§ Task directions
From the line containing "Lovely Street Broken" to the line containing "Con Solvetic has" in the records below, set down every line exactly as it stands, both ends included, and skip the pictures.

§ Record extracts
::::

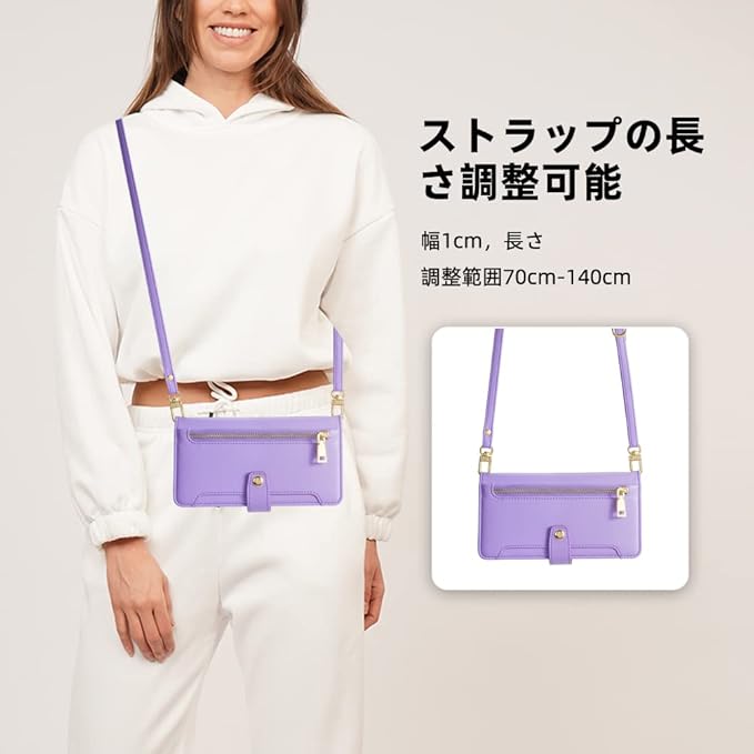 【ハンドストラップとショルダーストラップ付き】: 当ケースにはハンドストラップとショルダーストラップ/ 肩掛けストラップが配置されており、長さ調節可能なショルダーストラップで、手持ちや肩掛けが可能です。ショルダーストラップの長さは簡単に調整できます。用途に合わせて自由に長さを調整できます。特にポケットがない服が多いので、ストラップがあるとスマホをなくす心配もなく、両手が空くので首からかけられるのが便利です。ハンドバッグを持たずに、どこにでも出かけられる贅沢を味わうことができるのです。ショルダーストラップは取り外し可能で、自由に外していつでも着用感を調整できます。
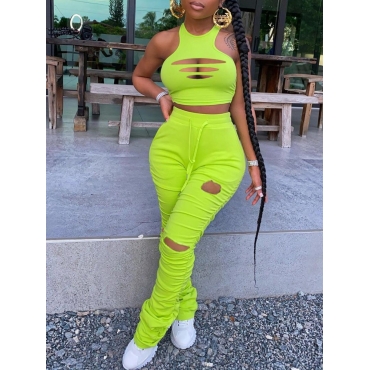 Lovely Street Broken Holes Fold Design Green Two Piece Pants Set
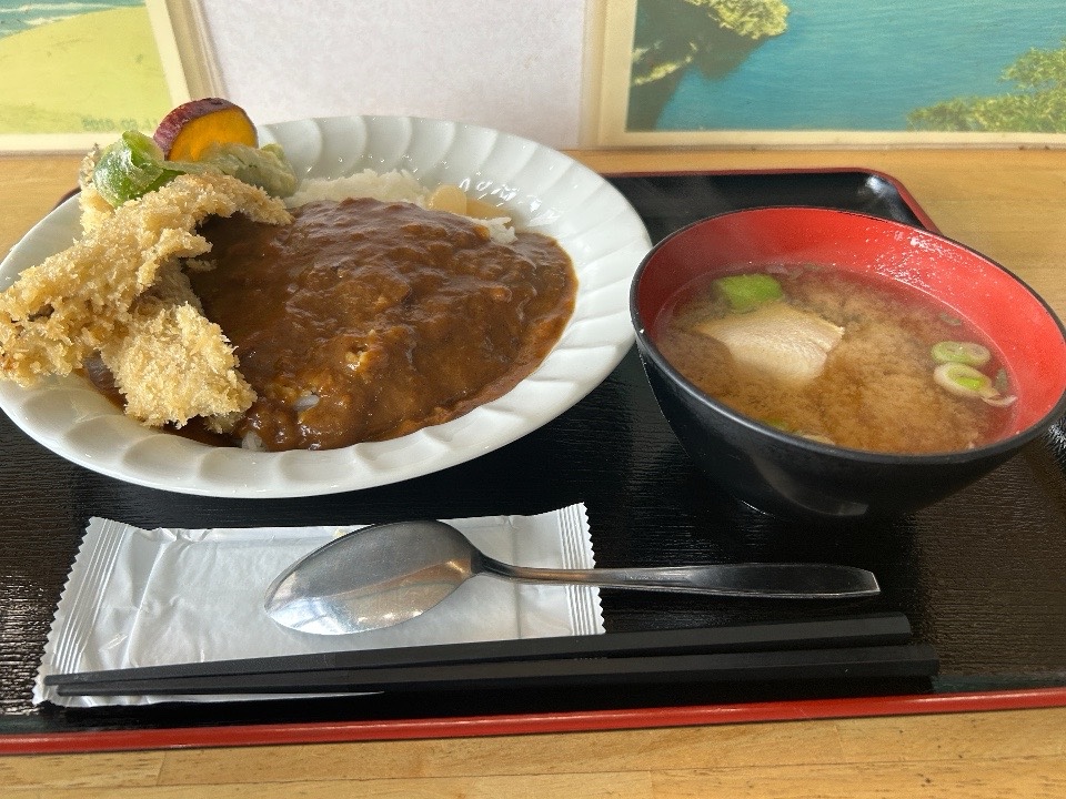 せっかく網代にきたので漁業婦人部の店なだばたさんへ。メニューのボードには記されていないカレーを注文。キスとハタハタのフライがトッピングされたかれーです。カレーにもあら汁がついてきます。こちらがまた美味なのです。美味しくいただきました。
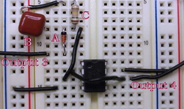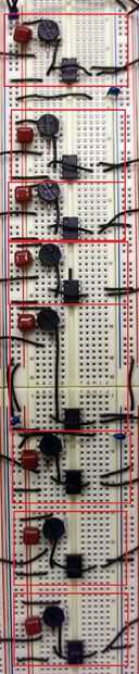 Vamos a construir la etapa de detección de pico. Es sobre el esquema y el diseño. Una vez más, comience en la parte superior de una placa nueva para construir el primer circuito y trabajar su camino hasta una segunda placa para construir los otros siete. Tenga cuidado al colocar el diodo A en cada circuito, es direccional. Puede decir la dirección señalando la banda negra en un extremo.
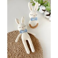 В комплект входят: игрушка зайка, погремушка на буковом кольце
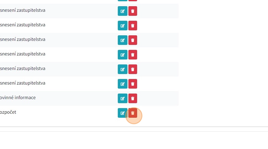 12. Pro editaci jednotlivých záznamů úřední desky slouží modré tlačítko v pravém sloupci.
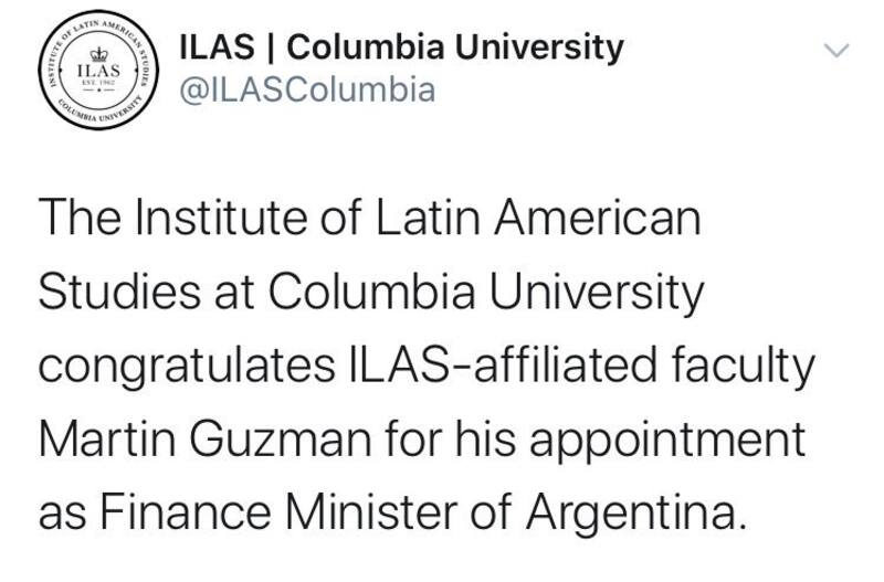 "El Instituto de Estudios Latinoamericanos de la Universidad de Columbia felicita al afiliado al ILAS Martin Guzmán por su nombramiento como Ministro de Finanzas de Argentina", publicó en su cuenta de Twitter
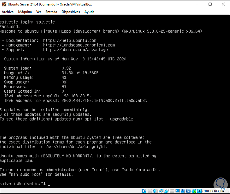 Con Solvetic has visto como instalar Ubuntu Server 21.04 de forma práctica en VirtualBox.
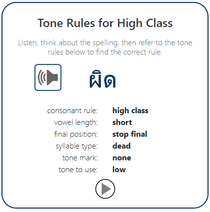 Although the class of the initial consonant is officially considered low, in our lessons we will treat these words as high class syllables, since they follow the high class tone rules and it will be less confusing for you.
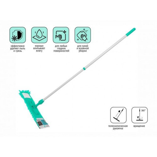 Швабра с практичной ножной педалью. Способна вращаться 360* для удобного использования. Предназначена для сухой и влажной уборки гладких поверхностей (пола, стен, потолков). Идеально подходит для мытья линолеума, паркета, ламината, кафеля. Более гигиенично собирает и удерживает пыль, грязь,жидкость.
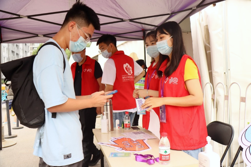 按照疫情防控要求,全体新生须在报到当天完成一次核酸检测。面对时间紧、任务重的核酸检测工作,十余名志愿者组成了核酸检测志愿者小队,指导新生进行检测预约,维持现场秩序,录入身份信息,在三小时内完成二字班新生3000余人的核酸检测工作,展现了紫荆志愿者“召之即来、来之能战”的工作作风,为疫情防控下的校园安全提供保障。

::::

§ Exercise response
 Lovely Street Broken Holes Fold Design Green Two Piece Pants Set
 せっかく網代にきたので漁業婦人部の店なだばたさんへ。メニューのボードには記されていないカレーを注文。キスとハタハタのフライがトッピングされたかれーです。カレーにもあら汁がついてきます。こちらがまた美味なのです。美味しくいただきました。
 Vamos a construir la etapa de detección de pico. Es sobre el esquema y el diseño. Una vez más, comience en la parte superior de una placa nueva para construir el primer circuito y trabajar su camino hasta una segunda placa para construir los otros siete. Tenga cuidado al colocar el diodo A en cada circuito, es direccional. Puede decir la dirección señalando la banda negra en un extremo.
 В комплект входят: игрушка зайка, погремушка на буковом кольце
 12. Pro editaci jednotlivých záznamů úřední desky slouží modré tlačítko v pravém sloupci.
 "El Instituto de Estudios Latinoamericanos de la Universidad de Columbia felicita al afiliado al ILAS Martin Guzmán por su nombramiento como Ministro de Finanzas de Argentina", publicó en su cuenta de Twitter
 Con Solvetic has visto como instalar Ubuntu Server 21.04 de forma práctica en VirtualBox.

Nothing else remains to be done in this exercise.